Research Department of Pathology, University College London (UCL) Cancer Institute, London, UK.
Wellcome Sanger Institute, Hinxton, UK.
J Pathol Clin Res. 2021 Sep;7(5):425-431. doi: 10.1002/cjp2.219. Epub 2021 May 9.

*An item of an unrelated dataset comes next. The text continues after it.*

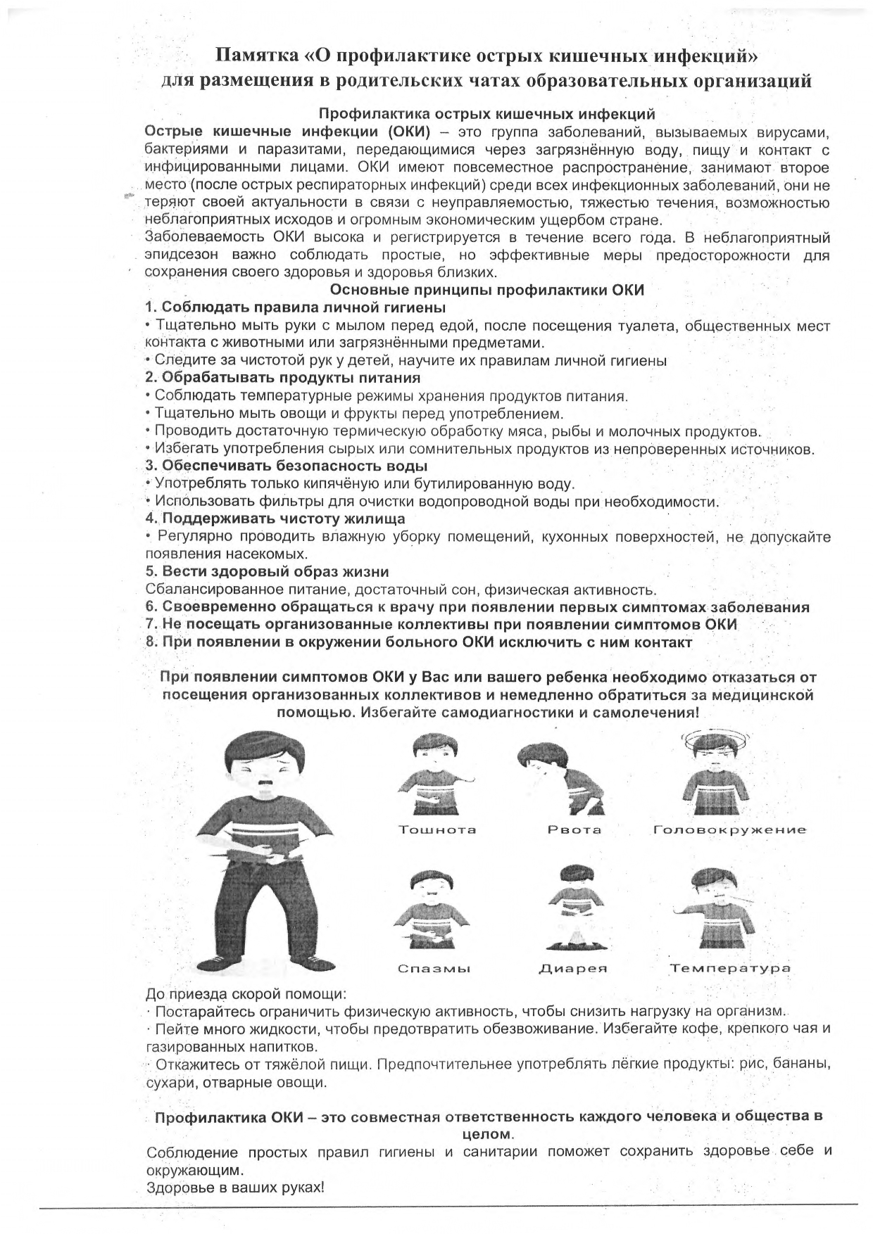 Памятка "О профилактике острых кишечных инфекций"
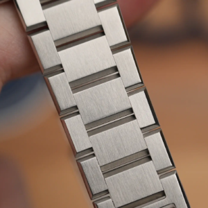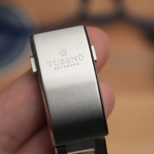 Il bracciale è un’altra piccola meraviglia di questo orologio. Il design è piuttosto spigoloso e si abbina sorprendentemente bene alla cassa. Le maglie sono satinate con biselli lucidi e sono tenute insieme da perni a vite. Quel che conta, però è la loro estrema mobilità che garantisce una perfetta adattabilità alla curvatura del polso. Il tocco di classe poi è dato dalla chiusura, concettualmente simile a quella utilizzata anche da Christopher Ward, con microregolazione rapida integrata. L’escursione è di 9mm, più che sufficienti per riuscire a trovare la misura giusta anche durante le giornate più calde dell’anno. Per preservare il più possibile la bella finitura satinata della scatoletta, la parte più esposta ai graffi quando si lavora spesso al computer, il marchio ha applicato un trattamento superficiale antigraffio con una durezza di 1200 Vickers. Non mancano poi le anse a sgancio rapido per rimuovere facilmente il bracciale e installare uno dei cinturini tropic prodotti da Tusenö.

Osteosarcoma, the most common primary malignant tumour of bone, affects both children and adults. No fundamental biological differences between paediatric and adult osteosarcoma are known. Here, we apply multi-region whole-genome sequencing to an index case of a 4-year-old child whose aggressive tumour harboured high-level, focal amplifications of MYC and CCNE1 connected by translocations. We reanalysed copy number readouts of 258 cases of high-grade osteosarcoma from three different cohorts and identified a significant enrichment of focal MYC, but not CCNE1, amplifications in children. Furthermore, we identified four additional cases of MYC and CCNE1 coamplification, highlighting a rare driver event which warrants further investigation. Our findings indicate that amplification of the MYC oncogene is a major driver of childhood osteosarcoma, while CCNE1 appears recurrently amplified independent of age.
骨肉瘤是最常见的原发性骨恶性肿瘤,可发生于儿童和成人。目前尚未发现儿童骨肉瘤和成人骨肉瘤之间存在根本的生物学差异。在这里,我们对一名 4 岁儿童的一个典型病例进行了多区域全基因组测序,该患儿侵袭性肿瘤中存在高水平、局灶性 MYC 和 CCNE1 的扩增,这些扩增通过易位连接。我们重新分析了来自三个不同队列的 258 例高级别骨肉瘤的拷贝数读数,并在儿童中发现了局灶性 MYC 扩增的显著富集,但 CCNE1 扩增不明显。此外,我们还鉴定了另外 4 例 MYC 和 CCNE1 共扩增的病例,突出了这一罕见的驱动事件,值得进一步研究。我们的研究结果表明,MYC 癌基因的扩增是儿童骨肉瘤的主要驱动因素,而 CCNE1 似乎与年龄无关,呈复发性扩增。